The corresponding node performance sampling data is obtained by /debug/pprof/profile of each node, and then aggregated performance profiling results are output to the user in the form of SQL query. Since the SQL query results cannot be output in svg format, we need to solve the problem of output display.
Our proposed solution is to aggregate the sampled data and display all the call paths on a line-by-line basis in a tree structure. This can be implemented by using flamegraph. The core ideas and the corresponding implementations are described as below:
This proposal needs to implement the following performance profiling table:
| Table | Description |
|---|---|
| tidb_profile_cpu | TiDB CPU flame graph |
| tikv_profile_cpu | TiKV CPU flame graph |
| tidb_profile_block | Stack traces that led to blocking on synchronization primitives |
| tidb_profile_memory | A sampling of memory allocations of live objects |
| tidb_profile_allocs | A sampling of all past memory allocations |
| tidb_profile_mutex | Stack traces of holders of contended mutexes |
| tidb_profile_goroutines | Stack traces of all current goroutines |
Current the slow_query/statements_summary/processlist memory tables only contain single-node data. This proposal allows any TiDB instance to view information about the entire cluster by adding the following three cluster-level system tables:
| Table Name | Description |
|---|---|
| cluster_slow_query | slow_query table data for all TiDB nodes |
| cluster_statements_summary | statements summary table Data for all TiDB nodes |
| cluster_processlist | processlist table data for all TiDB nodes |
For a large cluster, the way to obtain configuration by each node through HTTP API is cumbersome and inefficient. This proposal provides a full cluster configuration information system table, which simplifies the acquisition, filtering, and aggregation of the entire cluster configuration information.

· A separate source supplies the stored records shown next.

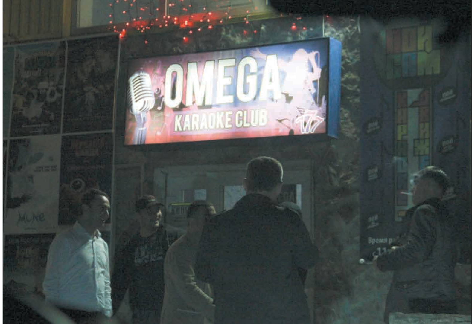
После закрытия развлекательного клуба «Фараон» в подвальном помещении на ул. Брусницына располагались детское кафе и караоке-движение «Пой сам», но ни одно из этих заведений не прижилось. Сменивший их караоке-клуб работает уже пятый месяц.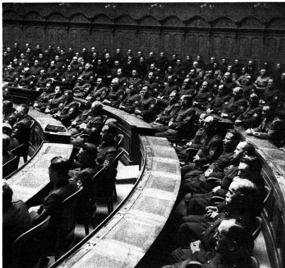
Zensur-No. III 8938 Ae

Einige hundert Luftschutzoffiziere der ganzen Schweiz haben sich vorangehend der Gründungsversammlung zu einem Rapport im Nationalratssaal eingefunden, um Ansprachen von den Herren Bundesrat Kobelt und Prof. v. Waldkirch anzuhören.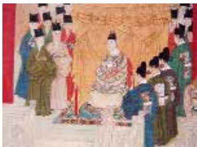
图九 圈背交椅 明 万历 余士等绘，捧敕，徐显卿宦迹图册（部分），绢本，设色，纵 62 厘米，横 58.5 厘米，北京故宫博物院藏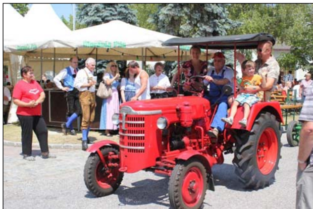
Oldtimer Traktor bei Kirtag 2012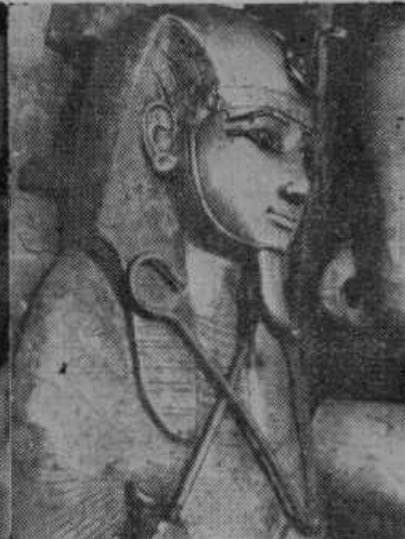
Srebrna krsta faraona Psusennesa, ki je bil tast kralja Salomona in je živel okrog leta 1000. pred Kr. r.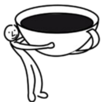
Řád černé kávy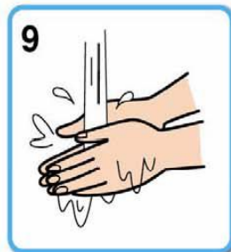
10 水で十分にすすぎ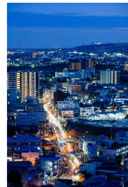
絶景夜景の穴場スポット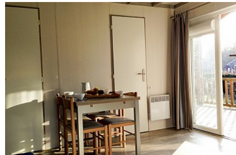
Sarl A&amp;M Loisirs

Contact : Téléphone : 04 73 85 74 84 Email : contact@camping-etang-philippe.fr Site web : https://www.camping-etang-philippe.fr/la-region-et-ses-alentours/sortir/ https://www.camping-etang-philippe.fr/emplacements/ Facebook : https://www.facebook.com/campingetangphilippe/ Google+ : https://www.google.com/search?client=firefox-b-d&q=camping+etang+philippe&id=0x47f748a2bae036b3:0x61b90182bfe61c81,1,,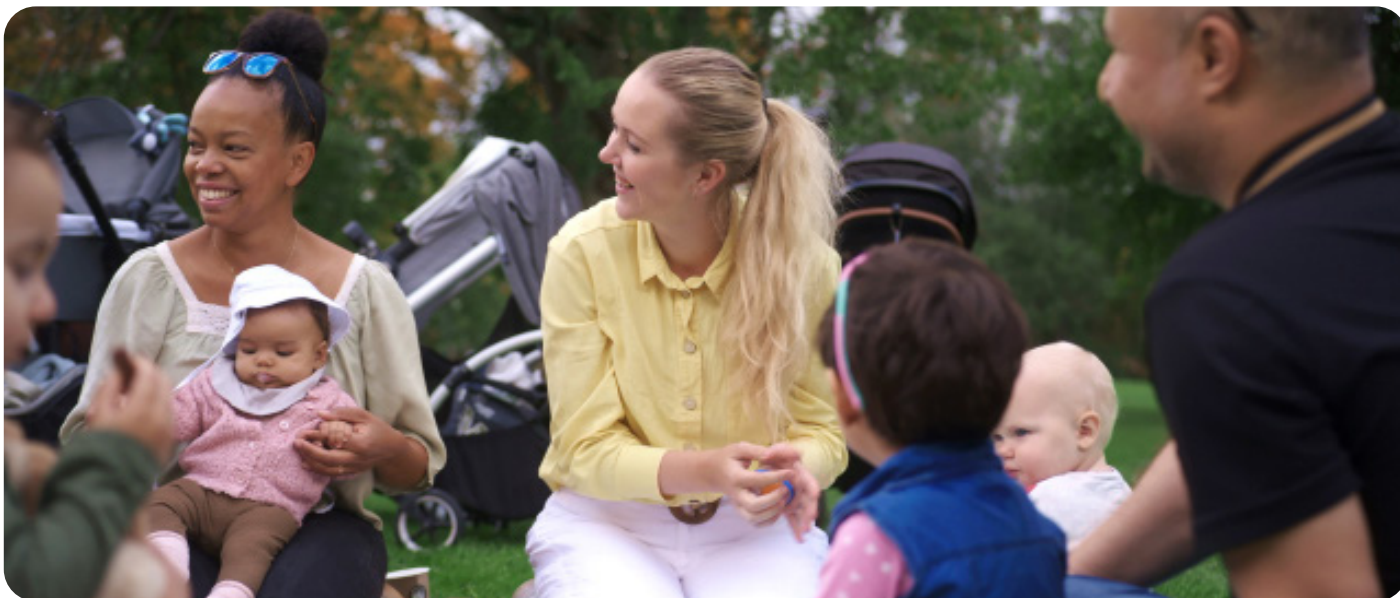
Bild från höstkampanjen Svenska med baby gjordes tillsammans med Öppna dörren i samarbete med Åhléns, HT21.

Ensam är inte stark. Svenska med babys uppdrag är att skapa möten och inkludering – och det gör vi i samarbete med ideella, offentliga och privata aktörer.

See the following example for some expected results of this proposal:
mysql> use information_schema;
Database changed
mysql> select * from cluster_config where `key` like 'log%';
+------+-----------------+-----------------------------+---------------+
| TYPE | ADDRESS | KEY | VALUE |
+------+-----------------+-----------------------------+---------------+
| pd | 127.0.0.1:2379 | log-file | |
| pd | 127.0.0.1:2379 | log-level | |
| pd | 127.0.0.1:2379 | log.development | false |
| pd | 127.0.0.1:2379 | log.disable-caller | false |
| pd | 127.0.0.1:2379 | log.disable-error-verbose | true |
| pd | 127.0.0.1:2379 | log.disable-stacktrace | false |
| pd | 127.0.0.1:2379 | log.disable-timestamp | false |
| pd | 127.0.0.1:2379 | log.file.filename | |
| pd | 127.0.0.1:2379 | log.file.log-rotate | true |
| pd | 127.0.0.1:2379 | log.file.max-backups | 0 |
| pd | 127.0.0.1:2379 | log.file.max-days | 0 |
| pd | 127.0.0.1:2379 | log.file.max-size | 0 |
| pd | 127.0.0.1:2379 | log.format | text |
| pd | 127.0.0.1:2379 | log.level | |
| pd | 127.0.0.1:2379 | log.sampling | <nil> |
| tidb | 127.0.0.1:4000 | log.disable-error-stack | <nil> |
| tidb | 127.0.0.1:4000 | log.disable-timestamp | <nil> |
| tidb | 127.0.0.1:4000 | log.enable-error-stack | <nil> |
| tidb | 127.0.0.1:4000 | log.enable-timestamp | <nil> |
| tidb | 127.0.0.1:4000 | log.expensive-threshold | 10000 |
| tidb | 127.0.0.1:4000 | log.file.filename | |
| tidb | 127.0.0.1:4000 | log.file.max-backups | 0 |
| tidb | 127.0.0.1:4000 | log.file.max-days | 0 |
| tidb | 127.0.0.1:4000 | log.file.max-size | 300 |
| tidb | 127.0.0.1:4000 | log.format | text |
| tidb | 127.0.0.1:4000 | log.level | info |
| tidb | 127.0.0.1:4000 | log.query-log-max-len | 4096 |
| tidb | 127.0.0.1:4000 | log.record-plan-in-slow-log | 1 |
| tidb | 127.0.0.1:4000 | log.slow-query-file | tidb-slow.log |
| tidb | 127.0.0.1:4000 | log.slow-threshold | 300 |
| tikv | 127.0.0.1:20160 | log-file | |
| tikv | 127.0.0.1:20160 | log-level | info |
| tikv | 127.0.0.1:20160 | log-rotation-timespan | 1d |
+------+-----------------+-----------------------------+---------------+
33 rows in set (0.00 sec)
mysql> select * from cluster_config where type='tikv' and `key` like 'raftdb.wal%';
+------+-----------------+---------------------------+--------+
| TYPE | ADDRESS | KEY | VALUE |
+------+-----------------+---------------------------+--------+
| tikv | 127.0.0.1:20160 | raftdb.wal-bytes-per-sync | 512KiB |
| tikv | 127.0.0.1:20160 | raftdb.wal-dir | |
| tikv | 127.0.0.1:20160 | raftdb.wal-recovery-mode | 2 |
| tikv | 127.0.0.1:20160 | raftdb.wal-size-limit | 0KiB |
| tikv | 127.0.0.1:20160 | raftdb.wal-ttl-seconds | 0 |
+------+-----------------+---------------------------+--------+
5 rows in set (0.01 sec)
According to the definition of gRPC Service protocol, each ServerInfoItem contains the name of the information and the corresponding key-value pair. When presented to the user, the type of the node and the node address need to be added.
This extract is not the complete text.